The high point of the session came early, not at the end, Carlson said in a telephone interview with MinnPost. It was Feb. 25 when six House Republicans joined DFLers and slapped down Pawlenty’s veto of the $6.6 billion transportation funding measure which included a gas tax hike and authorization for sales tax increases in metro counties.

“That took courage; it took vision,” said Carlson.  After that, with a few exceptions, the session was unremarkable and an exercise in butt-protecting politics, he said.

After the veto override, legislators’ underlying concern became getting safely by this November’s general election when House members run again.  That election comes before the next budget forecast, which will be grim, Carlson predicted. And Pawlenty?  The governor wanted to get through the Republican National Convention with his conservative, anti-tax credentials intact, according to Carlson.  The September convention is in the Twin Cities and Pawlenty continues to be mentioned as a possible vice presidential partner on Sen. John McCain’s dance card.

Short-term fix

The final agreement — which includes a three-year cap on property tax increases, some additional local government and school aid, health-care coverage for several thousand more Minnesotans — is a short-term fix, said Carlson.  Legislators did not confront the long-term budget squeeze looming in the next biennium.

“The tough decisions are those that require legitimate cuts in spending or legitimate tax increases,” he said. Those were not addressed. “They had political goals that served them well.”

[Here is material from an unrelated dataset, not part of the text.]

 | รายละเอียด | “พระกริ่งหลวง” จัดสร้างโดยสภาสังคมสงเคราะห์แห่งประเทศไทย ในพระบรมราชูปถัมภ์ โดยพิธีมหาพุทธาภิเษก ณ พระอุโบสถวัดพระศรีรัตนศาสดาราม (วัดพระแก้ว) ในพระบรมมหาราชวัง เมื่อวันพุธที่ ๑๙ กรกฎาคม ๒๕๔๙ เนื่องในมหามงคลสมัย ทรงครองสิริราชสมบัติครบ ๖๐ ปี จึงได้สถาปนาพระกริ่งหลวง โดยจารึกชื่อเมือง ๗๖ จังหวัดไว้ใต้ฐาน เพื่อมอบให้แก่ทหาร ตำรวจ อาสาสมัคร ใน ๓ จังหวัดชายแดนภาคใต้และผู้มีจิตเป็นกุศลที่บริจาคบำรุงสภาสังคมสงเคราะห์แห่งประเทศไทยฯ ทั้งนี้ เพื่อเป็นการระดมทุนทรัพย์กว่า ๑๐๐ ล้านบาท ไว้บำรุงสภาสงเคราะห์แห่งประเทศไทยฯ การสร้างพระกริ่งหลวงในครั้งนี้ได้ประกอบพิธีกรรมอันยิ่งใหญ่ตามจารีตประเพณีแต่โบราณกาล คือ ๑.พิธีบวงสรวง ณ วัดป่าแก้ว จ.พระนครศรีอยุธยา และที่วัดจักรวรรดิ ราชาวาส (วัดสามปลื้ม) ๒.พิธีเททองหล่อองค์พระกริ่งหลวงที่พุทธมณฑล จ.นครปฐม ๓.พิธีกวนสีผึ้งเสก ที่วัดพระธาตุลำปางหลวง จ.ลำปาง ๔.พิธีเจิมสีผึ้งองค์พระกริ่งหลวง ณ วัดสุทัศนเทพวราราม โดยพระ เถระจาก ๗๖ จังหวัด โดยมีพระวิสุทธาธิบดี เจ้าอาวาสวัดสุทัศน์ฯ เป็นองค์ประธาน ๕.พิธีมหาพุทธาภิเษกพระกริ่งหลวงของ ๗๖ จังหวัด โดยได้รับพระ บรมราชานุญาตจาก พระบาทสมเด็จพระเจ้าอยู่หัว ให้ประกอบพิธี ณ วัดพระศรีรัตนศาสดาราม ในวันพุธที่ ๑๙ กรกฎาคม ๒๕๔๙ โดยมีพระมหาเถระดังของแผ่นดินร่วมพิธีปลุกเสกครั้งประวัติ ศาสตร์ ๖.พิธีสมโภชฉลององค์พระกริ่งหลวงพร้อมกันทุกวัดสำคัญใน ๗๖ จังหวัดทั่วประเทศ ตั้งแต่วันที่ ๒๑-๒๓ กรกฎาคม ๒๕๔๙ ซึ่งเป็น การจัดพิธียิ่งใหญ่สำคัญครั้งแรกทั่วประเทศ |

When Carlson was elected in 1990, he faced a projected deficit of $2.4 billion when the total budget was smaller, compared to the $935 million shortfall Pawlenty and legislators handled this year. The fix then included income and sales tax increases.

Carlson’s guess is that the November 2008 budget forecast and surely the following one in February 2009 will show a deficit measured in billions of dollars because leaders did not attack this year the systemic causes of the shortfall.  In addition, much of the budget reserves were used to balance this year’s bottom line and fiscal shifts have been all but exhausted.

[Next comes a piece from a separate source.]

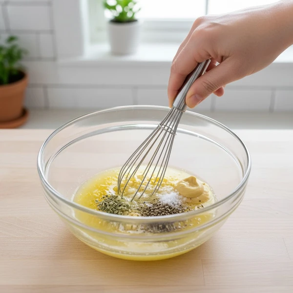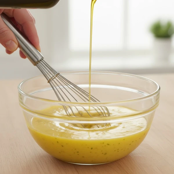 - Gradually drizzle in extra virgin olive oil while continuously whisking to form a smooth, well-emulsified vinaigrette that melds bright citrus with rich, peppery oil.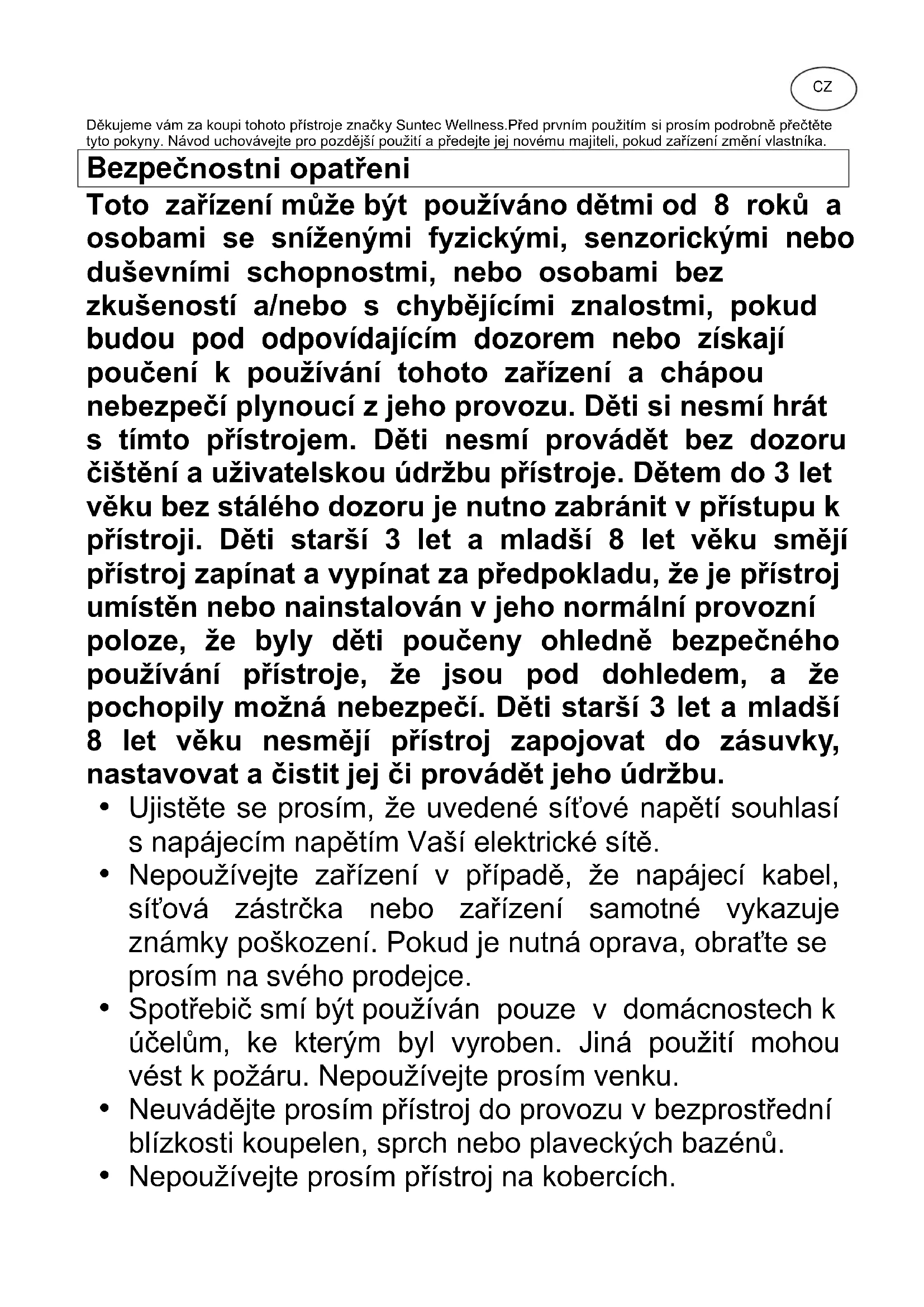 Heat Ray 800 desktop SUNTEC WELLNESS GMBH / HOLZSTRASSE 2 / 40221 DÜSSELDORF / GERMANY spínač ochrany proti prevráteniu prepínač zadný kryt predný kryt ochranná mriežka reflexná plocha kremíková trubicaCZ Děkujeme vám za koupi tohoto přístroje značky Suntec Wellness.Před prvním použitím si prosím podrobně přečtěte tyto pokyny. Návod uchovávejte pro pozdější použití a předejte jej novému majiteli, pokud zařízení změní vlastníka. Bezpe čnostni opatřeni Toto zařízení může být používáno dětmi od 8 roků a osobami se sníženými fyzickými, senzorickými nebo duševními schopnostmi, nebo osobami bez zkušeností a/nebo s chybějícími znalostmi, pokud budou pod odpovídajícím dozorem nebo získají poučení k používání tohoto zařízení a chápou nebezpečí plynoucí z jeho provozu. Děti si nesmí hrát s tímto přístrojem. Děti nesmí provádět bez dozoru čištění a uživatelskou údržbu přístroje. Dětem do 3 let věku bez stálého dozoru je nutno zabránit v přístupu k přístroji. Děti starší 3 let a mladší 8 let věku smějí přístroj zapínat a vypínat za předpokladu, že je přístroj umístěn nebo nainstalován v jeho normální provozní poloze, že byly děti poučeny ohledně bezpečného používání přístroje, že jsou pod dohledem, a že pochopily možná nebezpečí. Děti starší 3 let a mladší 8 let věku nesmějí přístroj zapojovat do zásuvky, nastavovat a čistit jej či provádět jeho údržbu.

The transportation funding bill was vital, Carlson said of the 2008 session.  Buying a new state park on Lake Vermilion was nice.  But the heavy lifting of impending budget shortfalls was avoided.  “So I’m not one who stands up and gives this [session] a standing ovation.  Let’s see what it looks like in January [when the next Legislature convenes].   I don’t want anyone to tell me they’re surprised.  That word is worn out.”

Comments (2)

  1. Submitted by Bill Siegel on 05/28/2008 - 01:08 pm.

    Can we PLEASE get Arne to run as Gov again?

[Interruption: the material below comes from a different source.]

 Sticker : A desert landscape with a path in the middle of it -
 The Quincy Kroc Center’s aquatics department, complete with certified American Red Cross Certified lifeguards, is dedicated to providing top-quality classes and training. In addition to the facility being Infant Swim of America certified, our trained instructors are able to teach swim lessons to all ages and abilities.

  2. Submitted by Bernice Vetsch on 05/28/2008 - 08:05 pm.

    Amen, Bill Siegel.

    Governor Carlson’s recommendation that Minnesota consider both legitimate spending cuts AND legitimate tax increases nails our basic problem. Its name is Tim Pawlenty and the problem is that he likes every kind of legitimate or illegitimate spending cuts and that he refuses to accept the reality that there are, there truly are, legitimate reasons for raising taxes. Especially on the upper 5 percent or so of our population, who have not have to pay a fair share since the current governor was first elected.

    We do not have a spending problem. We have a revenue problem. And while the two-tier society keeps abuilding, the haves find ways around our lack of investment in education, transportation and transit, universal single-payer health care, and our physical infrastructure, the have-nots just get poorer while prices for life’s necessities go up. And up.